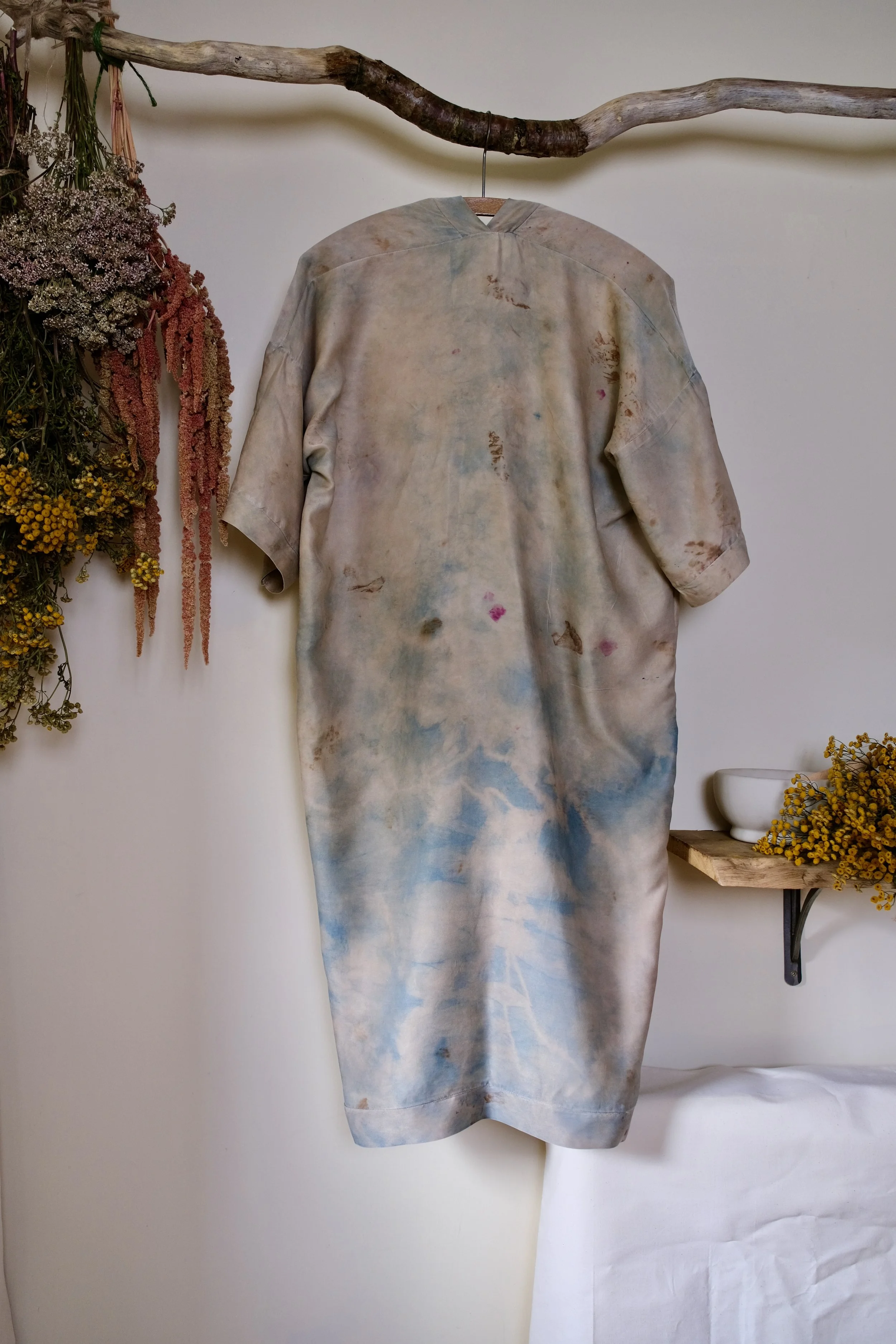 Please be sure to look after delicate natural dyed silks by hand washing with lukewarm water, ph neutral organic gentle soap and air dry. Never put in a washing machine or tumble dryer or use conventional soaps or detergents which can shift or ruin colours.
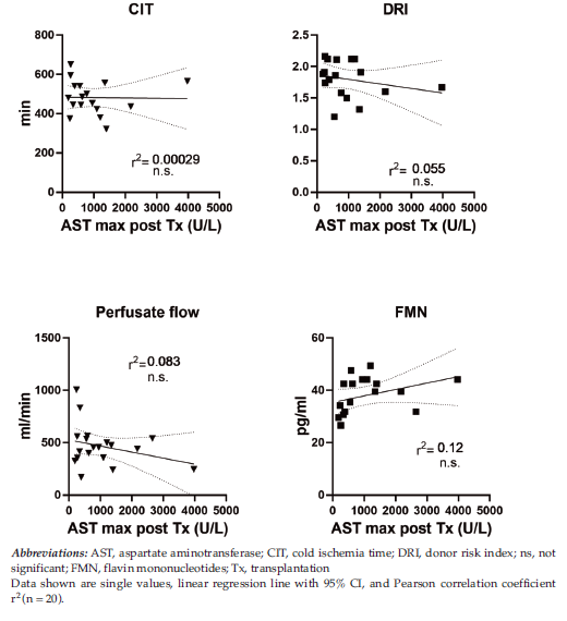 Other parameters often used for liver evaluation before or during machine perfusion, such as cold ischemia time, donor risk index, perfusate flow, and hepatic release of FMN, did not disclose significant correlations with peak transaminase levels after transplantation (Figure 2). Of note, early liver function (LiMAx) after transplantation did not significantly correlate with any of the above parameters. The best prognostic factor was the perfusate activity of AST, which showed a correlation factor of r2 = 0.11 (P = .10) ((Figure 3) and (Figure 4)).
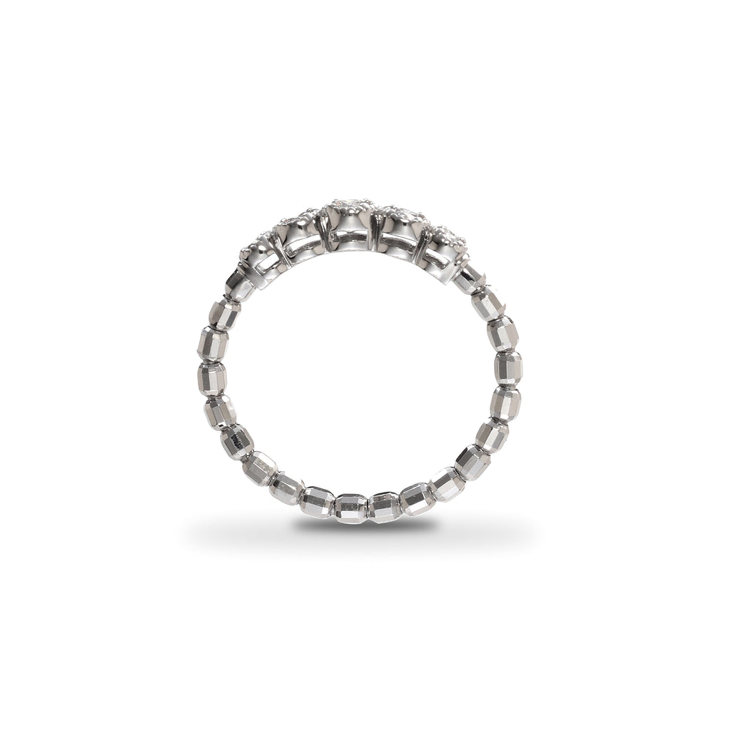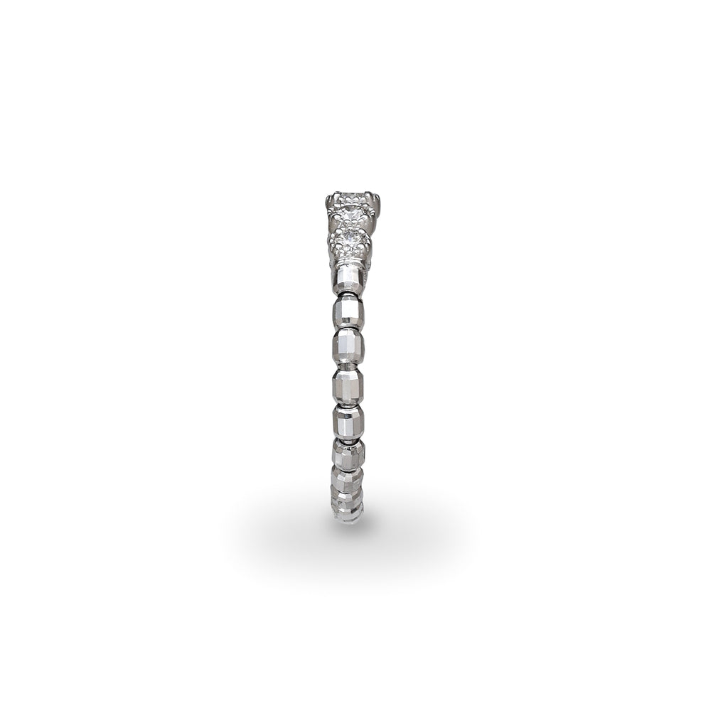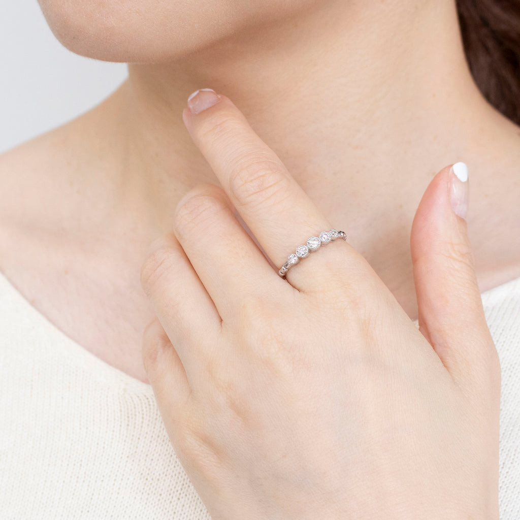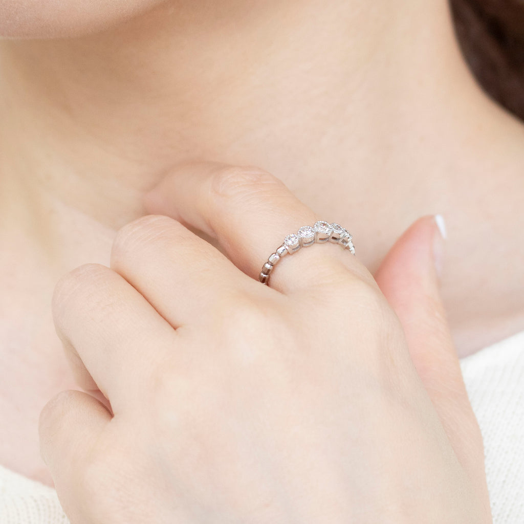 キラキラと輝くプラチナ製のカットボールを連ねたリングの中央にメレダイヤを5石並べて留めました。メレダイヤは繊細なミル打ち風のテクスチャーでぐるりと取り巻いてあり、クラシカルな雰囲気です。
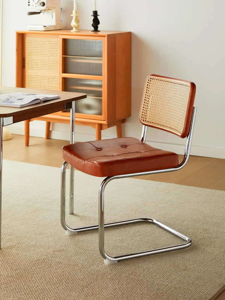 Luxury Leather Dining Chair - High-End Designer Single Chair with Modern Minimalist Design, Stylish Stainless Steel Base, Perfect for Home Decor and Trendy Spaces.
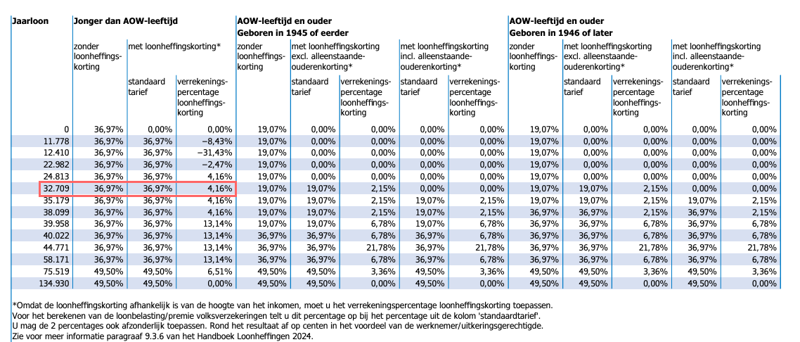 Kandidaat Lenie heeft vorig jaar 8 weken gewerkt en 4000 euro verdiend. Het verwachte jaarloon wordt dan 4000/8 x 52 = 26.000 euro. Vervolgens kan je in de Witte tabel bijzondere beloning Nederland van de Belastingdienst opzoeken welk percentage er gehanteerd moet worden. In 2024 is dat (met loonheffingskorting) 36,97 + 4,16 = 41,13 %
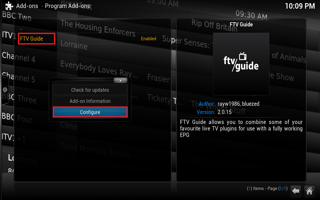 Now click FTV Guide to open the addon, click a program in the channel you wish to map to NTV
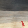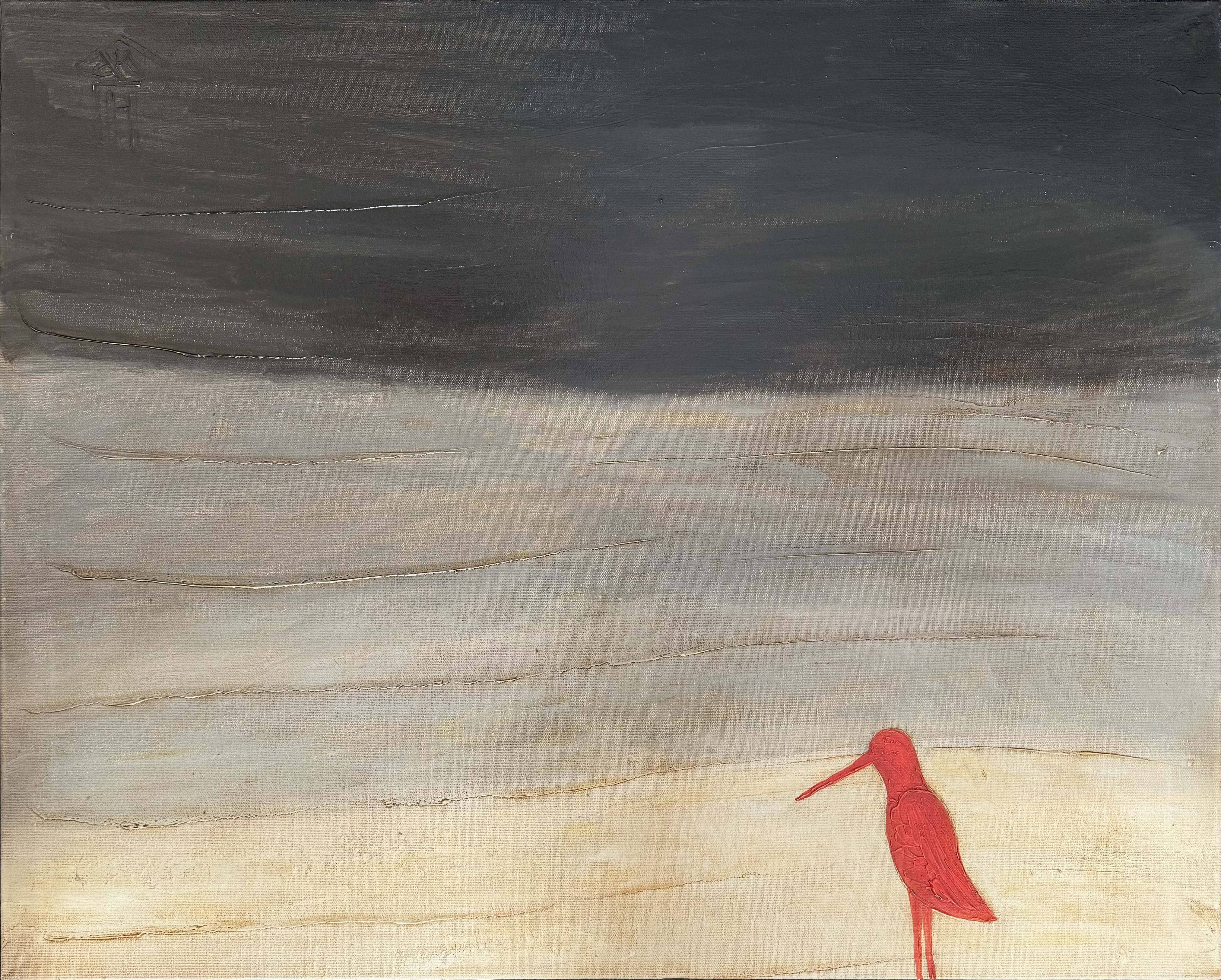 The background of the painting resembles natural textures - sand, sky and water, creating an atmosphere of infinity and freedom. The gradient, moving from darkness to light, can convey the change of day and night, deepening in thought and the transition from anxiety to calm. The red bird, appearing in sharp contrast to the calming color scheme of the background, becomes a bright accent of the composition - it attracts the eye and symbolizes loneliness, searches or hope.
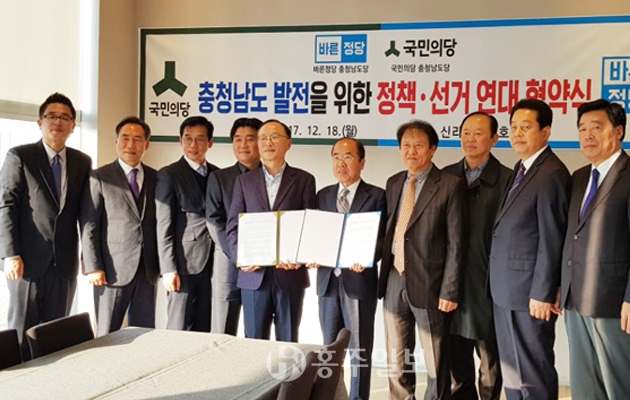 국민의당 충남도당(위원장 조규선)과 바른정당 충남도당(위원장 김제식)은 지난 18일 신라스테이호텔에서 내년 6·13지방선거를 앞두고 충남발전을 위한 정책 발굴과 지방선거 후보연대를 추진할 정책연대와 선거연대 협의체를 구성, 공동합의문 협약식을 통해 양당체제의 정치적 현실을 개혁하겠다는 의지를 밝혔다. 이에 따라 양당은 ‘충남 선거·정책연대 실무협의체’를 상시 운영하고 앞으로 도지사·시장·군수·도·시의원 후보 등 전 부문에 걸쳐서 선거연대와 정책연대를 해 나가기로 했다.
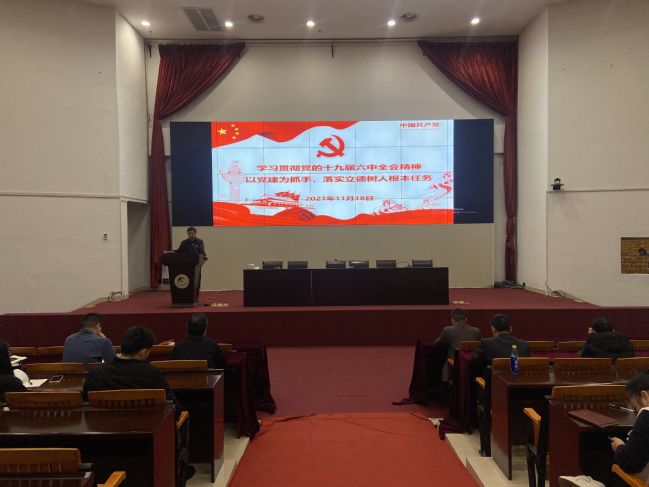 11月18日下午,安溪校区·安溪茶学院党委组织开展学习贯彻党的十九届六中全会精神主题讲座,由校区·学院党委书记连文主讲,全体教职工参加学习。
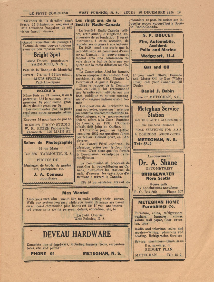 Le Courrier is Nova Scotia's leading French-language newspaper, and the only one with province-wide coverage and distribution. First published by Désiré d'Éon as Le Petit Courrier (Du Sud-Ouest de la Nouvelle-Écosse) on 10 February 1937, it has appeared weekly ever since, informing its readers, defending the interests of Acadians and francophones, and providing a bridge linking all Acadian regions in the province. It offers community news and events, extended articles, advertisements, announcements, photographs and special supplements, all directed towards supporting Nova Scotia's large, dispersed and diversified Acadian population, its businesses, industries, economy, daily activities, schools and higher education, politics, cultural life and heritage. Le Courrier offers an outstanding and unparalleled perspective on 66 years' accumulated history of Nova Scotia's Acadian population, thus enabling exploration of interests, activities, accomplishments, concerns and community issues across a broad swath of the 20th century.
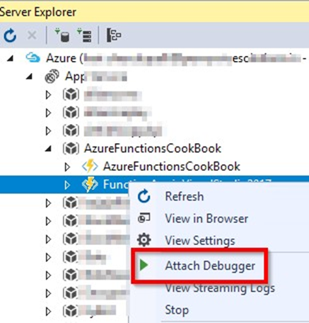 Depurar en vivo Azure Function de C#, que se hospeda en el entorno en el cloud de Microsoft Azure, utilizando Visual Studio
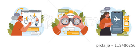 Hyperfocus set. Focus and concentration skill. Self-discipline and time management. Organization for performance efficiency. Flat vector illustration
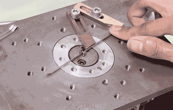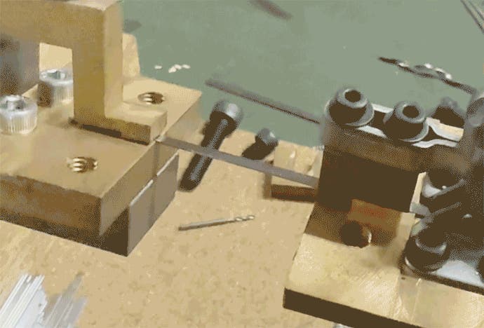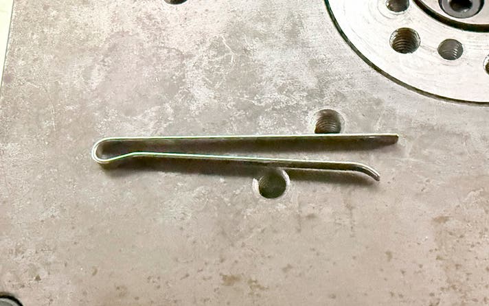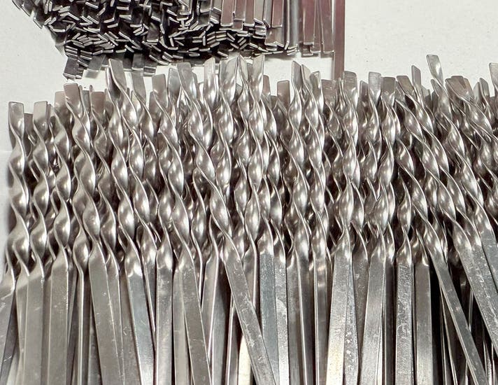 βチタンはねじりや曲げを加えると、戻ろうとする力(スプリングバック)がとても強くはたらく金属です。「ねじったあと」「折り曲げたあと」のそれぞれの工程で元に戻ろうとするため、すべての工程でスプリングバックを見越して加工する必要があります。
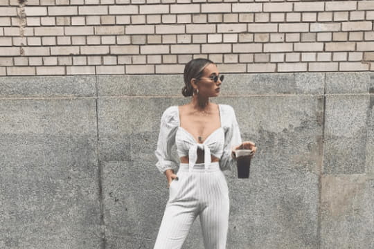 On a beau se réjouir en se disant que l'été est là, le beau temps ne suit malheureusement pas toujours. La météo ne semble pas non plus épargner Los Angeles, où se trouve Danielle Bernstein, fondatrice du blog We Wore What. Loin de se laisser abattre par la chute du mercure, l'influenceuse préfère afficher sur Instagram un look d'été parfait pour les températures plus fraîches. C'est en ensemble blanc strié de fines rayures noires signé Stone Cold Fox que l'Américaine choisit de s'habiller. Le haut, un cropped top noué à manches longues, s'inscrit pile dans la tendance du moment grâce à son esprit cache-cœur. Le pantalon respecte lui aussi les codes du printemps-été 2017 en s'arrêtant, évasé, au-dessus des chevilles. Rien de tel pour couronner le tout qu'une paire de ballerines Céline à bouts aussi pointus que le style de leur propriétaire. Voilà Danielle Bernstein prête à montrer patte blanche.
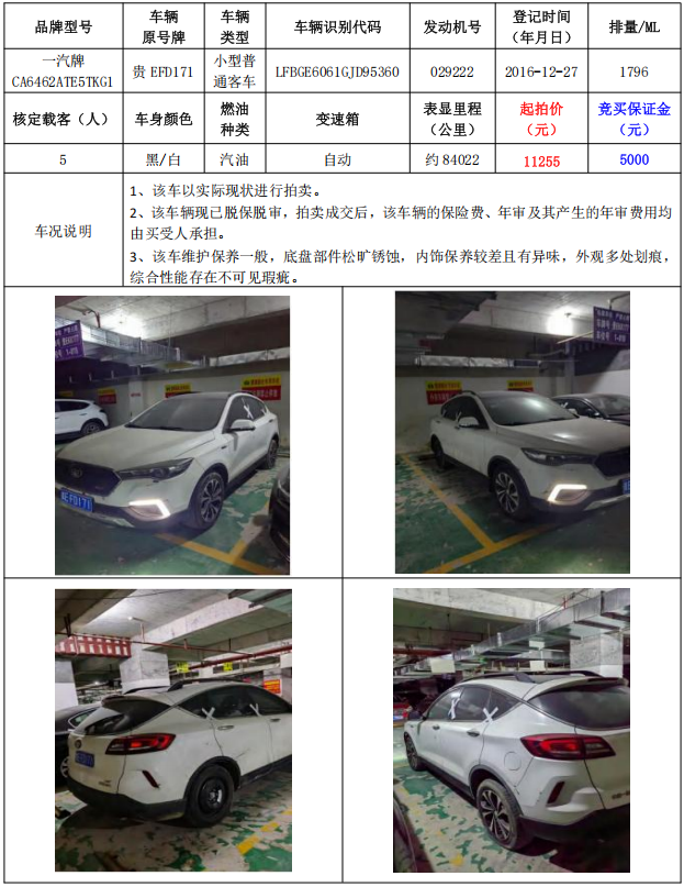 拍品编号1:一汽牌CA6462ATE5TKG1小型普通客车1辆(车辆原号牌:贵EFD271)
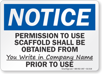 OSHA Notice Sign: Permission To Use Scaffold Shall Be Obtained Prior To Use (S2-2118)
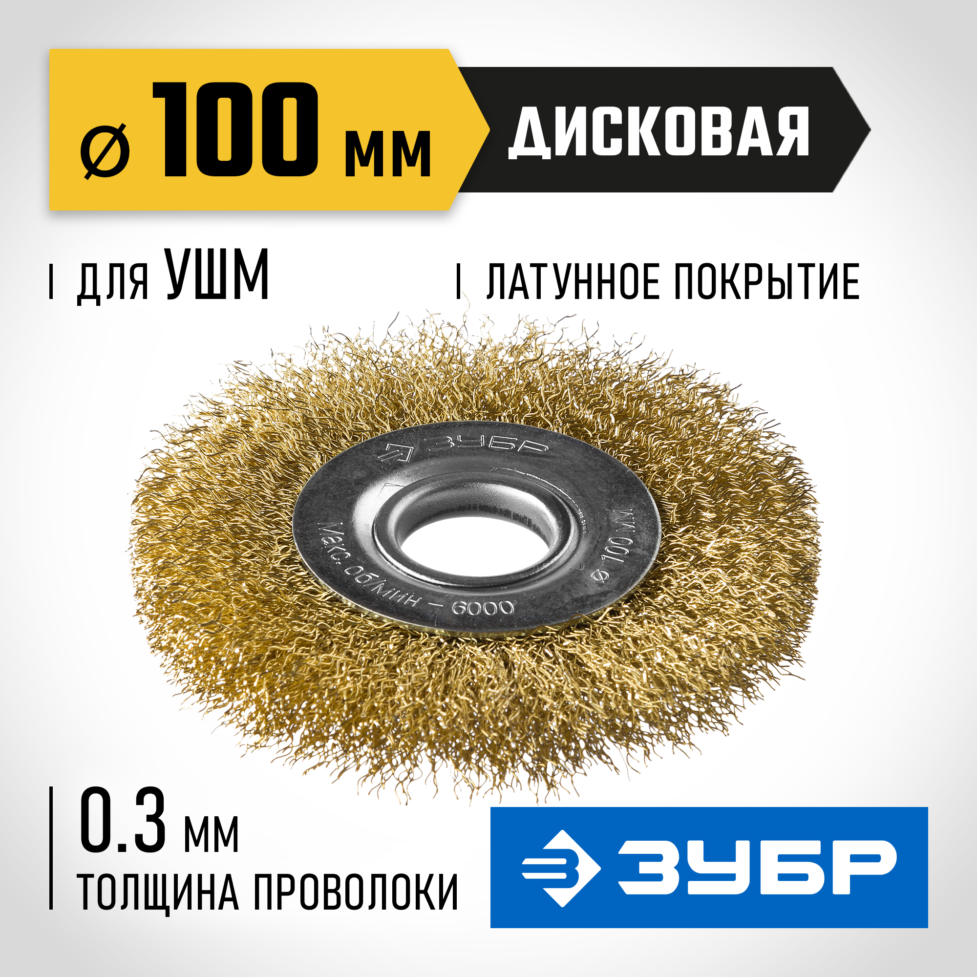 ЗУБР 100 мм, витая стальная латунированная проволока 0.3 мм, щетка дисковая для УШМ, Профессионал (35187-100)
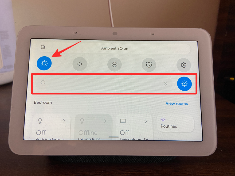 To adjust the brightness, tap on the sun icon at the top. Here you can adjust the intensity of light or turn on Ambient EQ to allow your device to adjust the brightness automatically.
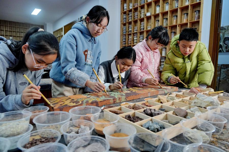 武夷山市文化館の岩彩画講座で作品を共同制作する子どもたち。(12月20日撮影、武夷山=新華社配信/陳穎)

* _Problem to work on_: The copy should hold exactly the lines above from the one with "Now click FTV" through the one with "11月18日下午,安溪校区·", both ends counted, and no pictures at all.

* _Answer_:
 Now click FTV Guide to open the addon, click a program in the channel you wish to map to NTV
 The background of the painting resembles natural textures - sand, sky and water, creating an atmosphere of infinity and freedom. The gradient, moving from darkness to light, can convey the change of day and night, deepening in thought and the transition from anxiety to calm. The red bird, appearing in sharp contrast to the calming color scheme of the background, becomes a bright accent of the composition - it attracts the eye and symbolizes loneliness, searches or hope.
 국민의당 충남도당(위원장 조규선)과 바른정당 충남도당(위원장 김제식)은 지난 18일 신라스테이호텔에서 내년 6·13지방선거를 앞두고 충남발전을 위한 정책 발굴과 지방선거 후보연대를 추진할 정책연대와 선거연대 협의체를 구성, 공동합의문 협약식을 통해 양당체제의 정치적 현실을 개혁하겠다는 의지를 밝혔다. 이에 따라 양당은 ‘충남 선거·정책연대 실무협의체’를 상시 운영하고 앞으로 도지사·시장·군수·도·시의원 후보 등 전 부문에 걸쳐서 선거연대와 정책연대를 해 나가기로 했다.
 11月18日下午,安溪校区·安溪茶学院党委组织开展学习贯彻党的十九届六中全会精神主题讲座,由校区·学院党委书记连文主讲,全体教职工参加学习。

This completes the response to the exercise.